The mother who towers irrefutably over the Hitchcock canon, Norma Bates of Psycho, is the original monstrous feminine. But how far is she, as Professor Tania Modleski points out, “That much maligned woman?” Absent but pervasive, her presence is consumptive, from the muddy swamp where Norman tries to conceal evidence of murder to the shrine-like bedroom preserved in the gothic family home.
The female force in Psycho revolts against its male counterpart and we hear how Norman was: “Never all Norman but was often only mother.” However, the power displayed in women equals male annihilation. Norma represents fear because she is a powerful female. She symbolizes a threatening prospect in a world governed by male authority.

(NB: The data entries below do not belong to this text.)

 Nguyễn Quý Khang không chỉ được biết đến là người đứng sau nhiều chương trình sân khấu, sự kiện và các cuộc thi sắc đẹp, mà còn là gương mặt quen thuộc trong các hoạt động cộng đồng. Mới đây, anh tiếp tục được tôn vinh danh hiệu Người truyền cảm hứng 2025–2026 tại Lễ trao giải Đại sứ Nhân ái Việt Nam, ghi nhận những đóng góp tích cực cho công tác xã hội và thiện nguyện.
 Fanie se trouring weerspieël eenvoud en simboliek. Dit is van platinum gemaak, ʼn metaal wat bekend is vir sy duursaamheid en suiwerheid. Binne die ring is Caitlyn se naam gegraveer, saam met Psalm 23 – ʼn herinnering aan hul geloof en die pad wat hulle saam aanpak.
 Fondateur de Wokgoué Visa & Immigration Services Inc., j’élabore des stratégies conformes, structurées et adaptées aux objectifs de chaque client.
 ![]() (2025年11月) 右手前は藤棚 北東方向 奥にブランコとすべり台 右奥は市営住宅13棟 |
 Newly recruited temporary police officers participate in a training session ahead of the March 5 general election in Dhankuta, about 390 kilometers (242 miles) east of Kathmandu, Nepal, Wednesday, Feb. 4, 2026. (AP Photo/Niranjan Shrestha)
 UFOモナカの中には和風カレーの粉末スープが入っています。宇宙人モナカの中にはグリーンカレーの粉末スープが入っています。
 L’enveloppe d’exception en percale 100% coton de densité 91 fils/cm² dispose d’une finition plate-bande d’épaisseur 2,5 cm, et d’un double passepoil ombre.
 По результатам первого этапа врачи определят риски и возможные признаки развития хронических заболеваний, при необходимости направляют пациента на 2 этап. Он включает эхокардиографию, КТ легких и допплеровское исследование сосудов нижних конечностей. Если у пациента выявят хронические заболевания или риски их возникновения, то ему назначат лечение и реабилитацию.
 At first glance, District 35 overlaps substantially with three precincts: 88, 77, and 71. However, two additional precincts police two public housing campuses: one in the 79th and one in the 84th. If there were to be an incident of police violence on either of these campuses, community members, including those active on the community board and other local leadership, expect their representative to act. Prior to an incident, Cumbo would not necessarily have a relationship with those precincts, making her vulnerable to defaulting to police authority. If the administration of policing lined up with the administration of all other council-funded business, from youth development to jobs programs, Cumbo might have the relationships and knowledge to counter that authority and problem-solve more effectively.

Ultimately, the female figure carries the responsibility for all human sin, like the Biblical Eve-Norma wears the blame. However, while Hitchcock’s most famous mother might be dead, she is (like the eponymous character of Hitchcock’s 1940’s Rebecca) far from gone. Everywhere we look, she is fighting to be seen. The sheets of her bed still bear her outline, and her preserved, skeletal body ensures it is found with a rip-roaring scream.
Like Marion’s car lifted out of the swamp at the film’s end, Norma refuses to be intimidated or silenced. Instead, she invokes Robin Wood’s groundbreaking theory, “What is repressed must always struggle to return.”